The effects of job mismatch for Australian
                        graduates

Key findings

Pros

Many college graduates are employed in jobs for which a degree is not required, and in which the skills they learned in college are not being fully used.

Empirical analyses based on cross-section data suggest that overeducation is a sign of market failure.

These studies find a significant wage penalty and a reduction in job satisfaction for overeducated workers.

Cons

Some studies do not allow for individual differences or preferences; if overeducation is an investment in future earning power, mismatches are temporary and require no policy intervention.

Some choose to work in jobs for which they are overeducated since they offer compensating non-pecuniary advantages.

Panel data suggest no wage penalty for men who are overeducated or overskilled, and a small penalty for those who are both.

Overeducated workers find it easier to change jobs than overskilled workers or workers whose jobs and education are well matched.

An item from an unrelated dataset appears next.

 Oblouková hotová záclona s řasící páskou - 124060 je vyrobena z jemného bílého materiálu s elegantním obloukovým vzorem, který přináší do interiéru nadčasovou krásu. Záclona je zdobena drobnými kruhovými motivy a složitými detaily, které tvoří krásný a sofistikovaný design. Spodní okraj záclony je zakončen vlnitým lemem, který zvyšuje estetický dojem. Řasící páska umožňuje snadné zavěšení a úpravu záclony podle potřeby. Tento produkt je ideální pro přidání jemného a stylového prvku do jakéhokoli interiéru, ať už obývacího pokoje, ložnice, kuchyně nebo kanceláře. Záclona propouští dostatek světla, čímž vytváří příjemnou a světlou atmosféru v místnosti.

Policymakers should focus on reducing the incidence of widespread overskilling, which reduces worker welfare and harms employers’ interests.

Author's main message

Labor market mismatches (where employee qualifications do not match job requirements or are not used on the job) can result from overeducation or overskilling, two distinct phenomena. Studies that suggest a wage penalty and/or reduced job satisfaction from overeducation do not account for individual differences or preferences and should hence be treated with caution. Panel data show that policies should be more concerned with overskilling, which is likely to be harmful both to the welfare of employees (lower job satisfaction) and the interests of employers (lower productivity).

Motivation

The share of the workforce with a higher education is increasing in many countries, requiring large investments in time and resources by students and often substantial government support and financing. Yet there is evidence that many graduates are employed in jobs that do not require a college degree and in which the skills they obtained in college are not being fully used. What does this mismatch tell us about the supply and demand for graduates? (See Types of job/education mismatch.)

There are many reasons why the supply of and demand for graduates might not match in a dynamic labor market. For example, the nature of jobs may be changing so that jobs that were once filled by workers without a college degree now require college graduates, because the work has become more complex.

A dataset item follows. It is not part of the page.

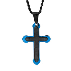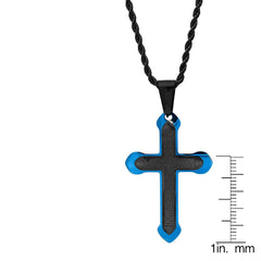 Giving the everyday cross pendant a makeover, this two-toned cross necklace pendant features a large black cross accented with a blue ion plated edges..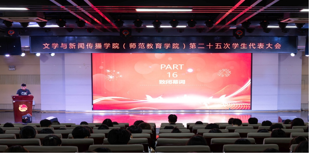 大会听取了李秋怡同学代表文学与新闻传播学院(师范教育学院)第二十四届学生会做的工作报告,审议并通过了第二十五次学生代表大会上提出的提案,会议以无记名投票方式选举产生了第二十五届学生委员会委员和学生会主席团成员,宣读了倡议书,呼吁全体同学凝心聚力,共同为校园建设与发展贡献力量。

Most of the literature on education or skill mismatches that has found significant negative consequences in wages and job satisfaction from mismatches is based on cross-section data, which provide information at just one point in time. But drawing meaningful conclusions about education and skill mismatches, job dynamics, and the causal relationship to wages, job satisfaction, and job mobility requires the use of panel data, which consist of repeated observations for the same individuals over time, usually once a year, referred to as a wave.

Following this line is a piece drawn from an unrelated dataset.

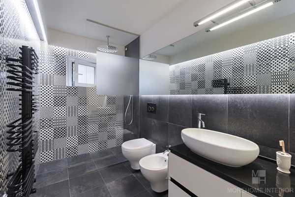 Phòng tắm của thiết kế căn hộ này được lát gạch mosaic trông đơn giản và sang trọng. Tủ và trần nhà được lắp đèn hậu, vì thế mà ánh sáng được phân bố rất đều trong không gian. Nội thất trong căn phòng theo hướng tối giản và nổi bật giữa nền sàn và tương trung tính.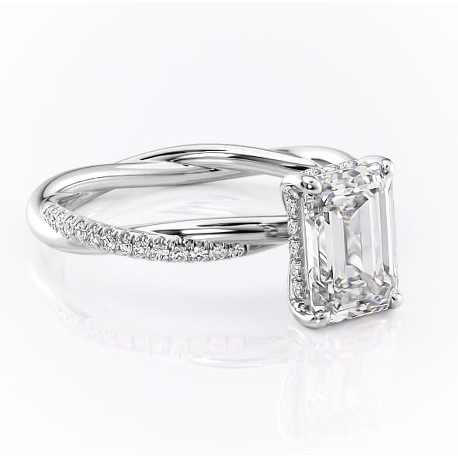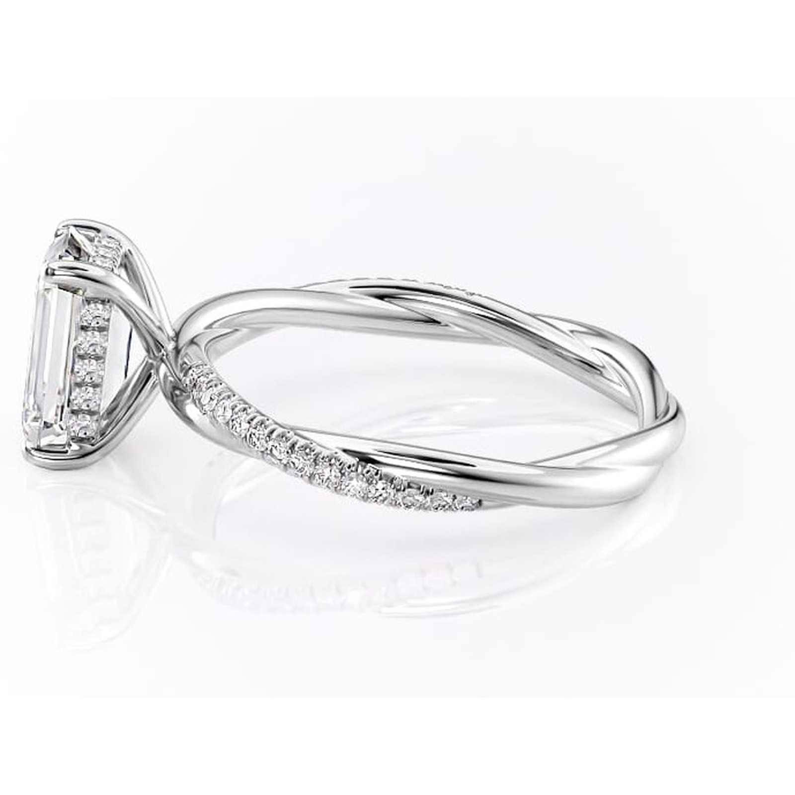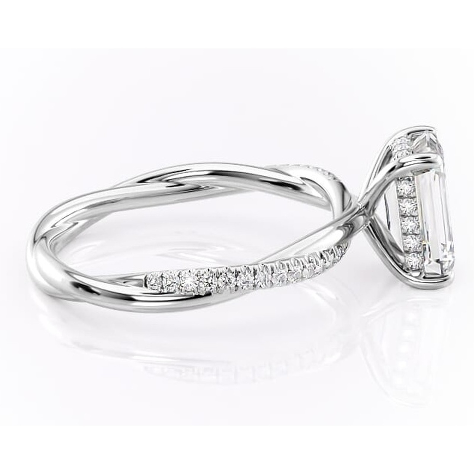 Inel de logodnă Sorrel din aur Alb 14kt cu moissanite tăietură smarald – Montură pavé rafinată pentru profil înalt | Personalizează și configurează gratuit online

Panel data can reveal whether mismatches are temporary or permanent and shed light on whether any negative repercussions of mismatches encountered early in a working life, such as wage penalties and low job satisfaction, are reversible later through training or experience. The lack of panel data has hampered attempts to elucidate such issues. An exception, explored here, is a series of recent studies based on panel estimation of graduate mismatch using the Household, Income, and Labour Dynamics in Australia (HILDA) survey [1], [2]. The survey includes a question on skill mismatch and provides sufficient data on graduate qualifications and employment to estimate overeducation and control for unobservables, such as ability or preferences. (See Studies of overeducation.)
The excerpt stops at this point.